Let's check value of x
x
with tf.GradientTape() as t:
y = x * x
t.gradient(y, x)
t.gradient(y, x)
I get the above error when I try to run the backward propagation two times, looking at the documentation of tf.GradientTape
it is specified that
By default, the resources held by a GradientTape are released as soon as GradientTape.gradient() method is called. To compute multiple gradients over the same computation, create a persistent gradient tape. This allows multiple calls to the gradient() method as resources are released when the tape object is garbage collected.
Question 3
TLDR: Try using a vector/matrix in the function used to demonstrate gradient calculation on a control flow.
Let's bring that function used in the lesson
def f(a):
b = a * 2
while tf.norm(b) < 1000:
b = b * 2
if tf.reduce_sum(b) > 0:
c = b
else:
c = 100 * b
return c
In the lesson they have used single value random variable, the question asks us to use a vector or matrix in its place.
Let's use the following random vector with shape (1,2)
a = tf.Variable(tf.random.normal(shape=(1, 2)))
a
The differentiation
with tf.GradientTape() as t:
d = f(a)
d_grad = t.gradient(d, a)
d_grad
We can try using a bigger matrix now.
a = tf.Variable(tf.random.normal(shape=(5, 3, 2)))
a
with tf.GradientTape() as t:
d = f(a)
d_grad = t.gradient(d, a)
d_grad
So when we differentiate a single value, the resultant gradient vector is similar in shape, as in the cases of the higher dimensional vectors/matrices.
I did not get what the question was trying to test the reader on, I read the discussion, A person said to use tf.hessians
to a related question. Let's see why
Let's take a look at the matrix we have
a = tf.Variable(tf.random.normal(shape=()), trainable=True)
a
The following is the suggested way to calculate a hessian based vector product
with tf.GradientTape() as t2:
with tf.GradientTape() as t1:
d1 = f(a)
diff_1 = t1.gradient(d1, a)
diff_2 = t2.gradient(diff_1, a)
diff_2
diff_1, diff_2
The following is modified based on this to see what happens.
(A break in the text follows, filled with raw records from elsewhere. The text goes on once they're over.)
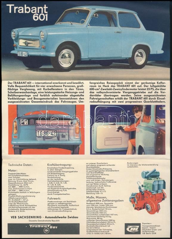 Leírás: cca 1966 Trabant 601 személyautó német nyelvű, kihajtható prospektusa.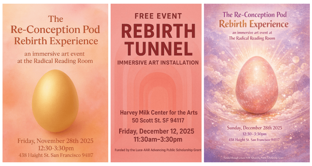 The Henry Luce Foundation and the American Academy of Religion have recently awarded my Rebirth Tunnel Immersive Art Installation a 2025 Luce-AAR Advancing Public Scholarship Grant, which has provided significant help in developing both the Rebirth Tunnel and Re-Conception Pods in the public sphere. Between November 28, 2025 and December 28, 2025, I created three Rebirth Events, two of which were held at The Radical Reading Room in San Francisco’s Lower Haight neighborhood and a third of which was held at the Harvey Milk Center for the Arts, also located in San Francisco’s Lower Haight.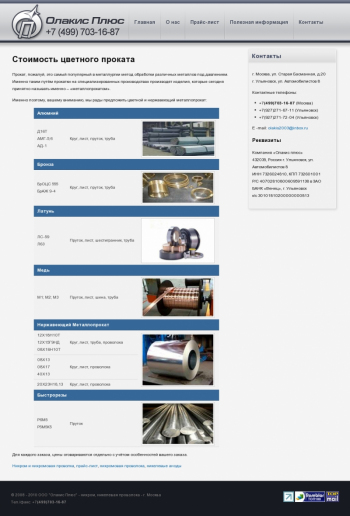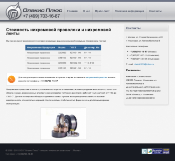 Создание сайта для компании-поставщика нихромовой проволоки и никелевых анодов на рынке цветного металлопроката.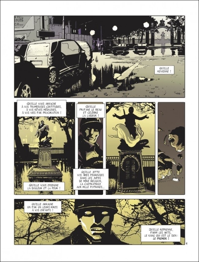 J’avais dans l’idée de penser à l’album comme un tout ! et je me suis rendu compte que je ne pouvais utiliser des couleurs vives. Après avoir vu une épreuve où le gris dominait, ce fut clair dans ma tête ! Les touches de couleur annoncent la vie et la mort comme si nous entrions dans une nouvelle dimension. Les arts sont la vie, le sang, la vie et la mort. La couleur donne une intensité dramatique et narrative très claire.

with tf.GradientTape() as t4:
t4.watch(a)
with tf.GradientTape() as t3:
t3.watch(a)
d = f(a)
dif = t3.gradient(d, a)
j_diff = t4.jacobian(dif, a)
dif, j_diff
Both the methods return the same result for the small vector, where the second order derivative is turning into None, I am not sure why..., thinking about the question asked, since $f(a)$ is no longer scalar, the resultant gradient is also a vector/matrix. So I am again not sure of the suggestion given.
The example given in the lesson was a little complex, I will use a simple control flow, to see if we can calculate the gradient with autodiff.
Let's start with a simple transformation, We all know the gradient of an exponential function is the same.
def f(x):
return tf.math.exp(x)
Let's take a single value
x = tf.Variable(tf.random.normal(shape=()), trainable=True)
x
with tf.GradientTape() as t:
y = f(x)
dy_dx = t.gradient(y, x)
y == dy_dx
So now we can try performing some transformations on the value.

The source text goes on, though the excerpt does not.